Your answer must be only the lines below from the one containing "To test the" through the one containing "Configurando Seu Relógio", copied exactly, with the pictures left out.

DATA Start Marker

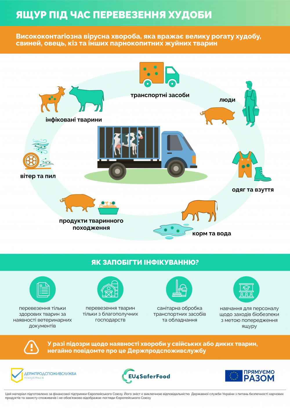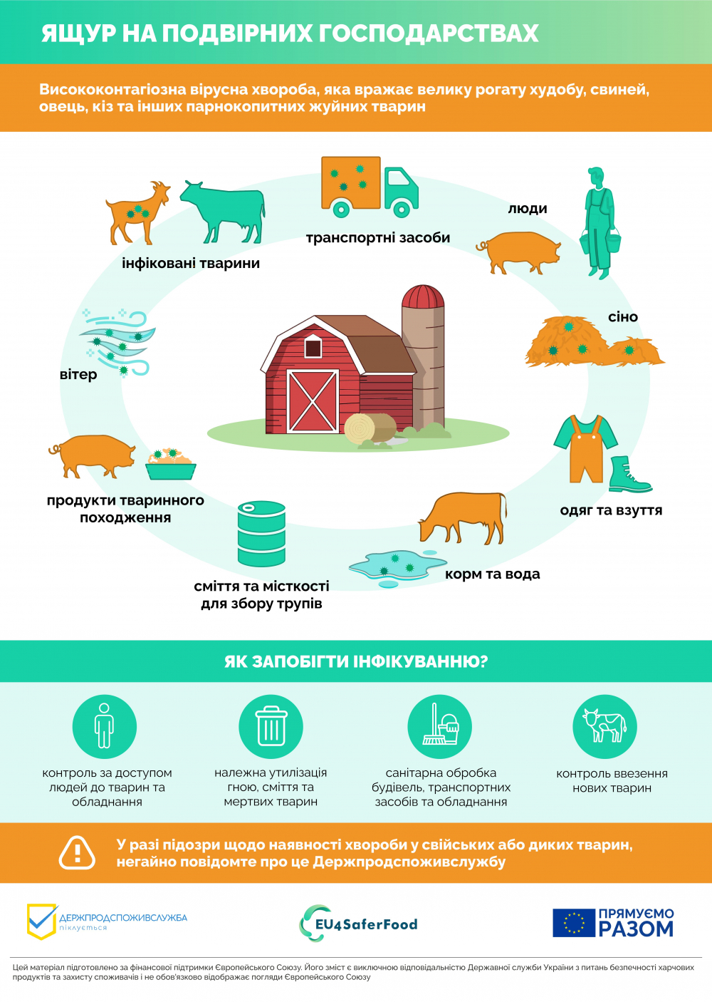 У разі підозри щодо наявності хвороби у свійських тварин необхідно негайно повідомити на «гарячу лінію» Головного управління Держпродспоживслужби в Запорізькій області (061) 239 73 29 чи державну установу ветеринарної медицини, яка обслуговує Ваш населений пункт.
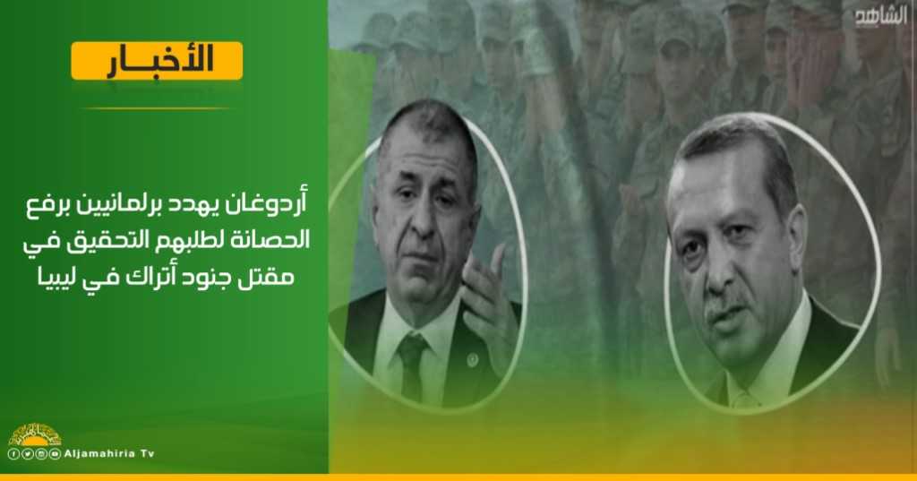 عاجل | أردوغان يهدد برلمانيين برفع الحصانة لطلبهم التحقيق في مقتل جنود أتراك في ليبيا .#قناة_الجماهيرية_العظمي_قناة_كل_الجماهير
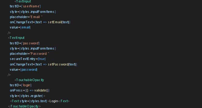 To test the above, we need to pass some values to the TextInput, and to do so, we need to add testID to all the test input and login buttons.
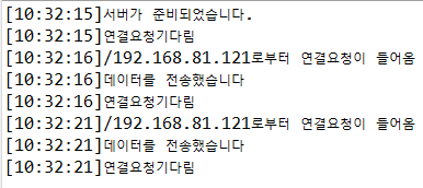 //서버소켓은 클라이언트 연결요청 올때까지 기다림
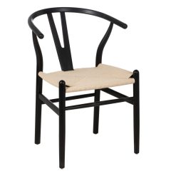 Material: madeira de faia – corda de papel. Altura do assento: 44cm. Altura do encosto: 38cm. Está em conformidade com os regulamentos EN16139:2013
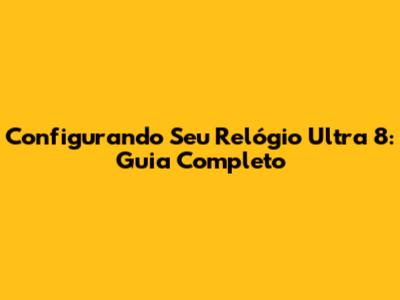 Configurando Seu Relógio Ultra 8: Guia Completo
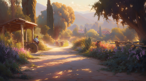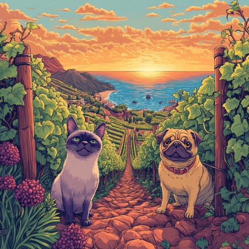 Immerse yourself in the vibrant palette of a California vineyard, where nature's canvas unfolds in a symphony of colors. Picture sprawling grape fields adorned in hues of rich green, their vines weaving a tapestry across the land. The sun, a masterful artist, bathes the landscape in warm golden tones, casting a luminous glow upon the ripe clusters of grapes. As you gaze upon the vineyard, the sky above is a breathtaking canvas of blues and purples, adorned with wisps of cotton-like clouds that stretch across the horizon. These clouds, like fluffy brushstrokes, add depth and drama to the scene, creating dynamic patterns of light and shadow that dance upon the grape leaves. The grapevines themselves are a study in contrasts, with deep emerald leaves providing a lush backdrop to the clusters of plump, sun-kissed grapes. Each grape, a miniature masterpiece, displays a spectrum of colors ranging from ruby reds to amethyst purples, creating a visual feast for the senses. As you stand in the midst of this living artwork, a gentle breeze carries the sweet aroma of ripening grapes, creating a sensory symphony that complements the visual splendor. The air is filled with the harmony of nature – a melody of rustling leaves, distant bird songs, and the occasional soft murmur of the wind. This AI-generated painting invites you to lose yourself in the kaleidoscope of colors, textures, and scents that define the enchanting beauty of a California vineyard. It is a masterpiece crafted by both nature and imagination, a celebration of the artistry inherent in the cultivation of grapes beneath the expansive canvas of the California sky. --ar 16:9 --niji 5 --s 750 --style scenic
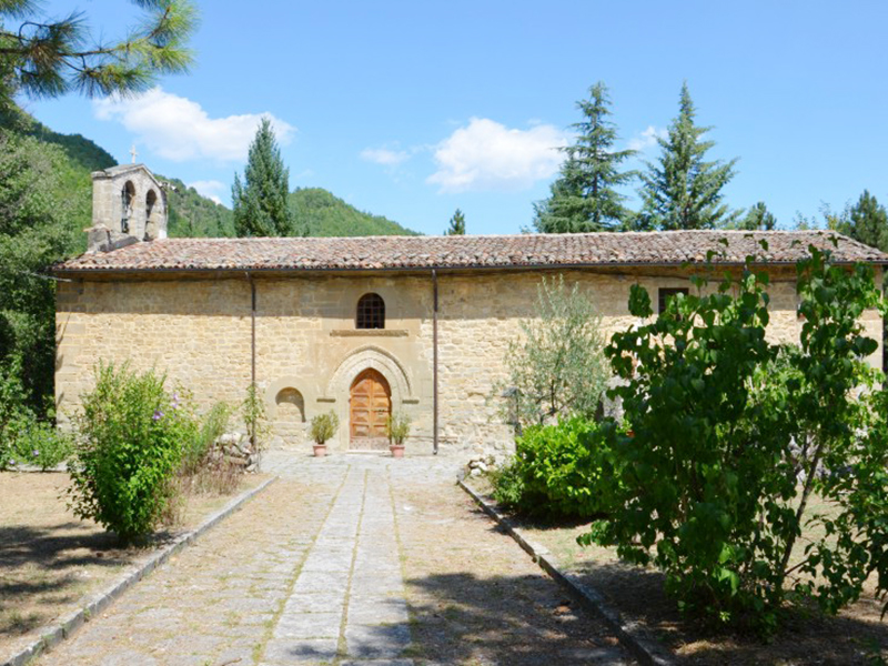 Risale all’XI secolo, probabilmente realizzata dai Benedettini intorno all’anno mille. L’attuale edificio è però il frutto di un rifacimento cinquecentesco e di due restauri, uno nel 1831 ed uno in tempi recenti, mentre la cripta conserva le caratteristiche originarie. E’ con tetto a capanna e dalla facciata, quasi a strapiombo sul torrente Castellano, si erge un campanile a vela che ospita due campane; su una di esse è la scritta “A ful(mine) et tempestate libera nos Domine. A.D. MDCCCLXV”. Un semplice portale con arco a tutto sesto, al di sopra del quale c’è una finestra ad occhio, entrambi incorniciati in laterizio, si apre sulla facciata in pietra. Un secondo portale, bellissimo, si apre su una delle pareti lunghe. Realizzato nel 1512, come si legge in una delle iscrizioni del portale stesso, quale ampliamento di un ingresso già esistente, è ogivale e le cornici in pietra che lo coronano ed il davanzale della finestra soprastante recano varie figure ed allegorie scolpite, a volte raffiguranti animali fantastici e maschere. L’interno è ad aula unica. Questa termina nella zona presbiteriale, sopraelevata di tre gradini rispetto al resto, dove trova posto una semplice mensa d’altare. Sempre al Cinquecento risalgono gli affreschi ancora ben visibili sulle pareti laterali. Questi, raffiguranti soggetti religiosi a carattere popolare, vennero successivamente coperti di intonaco; i tentativi di riportarli alla luce in tempi recenti li ha poi gravemente danneggiati, ma tra essi si distinguono una Crocifissione, un S.Francesco, un S.Antonio Abate ed un’Annunciazione.

DATA End Marker

## ANSWER FOR THE TASK
 To test the above, we need to pass some values to the TextInput, and to do so, we need to add testID to all the test input and login buttons.
 //서버소켓은 클라이언트 연결요청 올때까지 기다림
 Material: madeira de faia – corda de papel. Altura do assento: 44cm. Altura do encosto: 38cm. Está em conformidade com os regulamentos EN16139:2013
 Configurando Seu Relógio Ultra 8: Guia Completo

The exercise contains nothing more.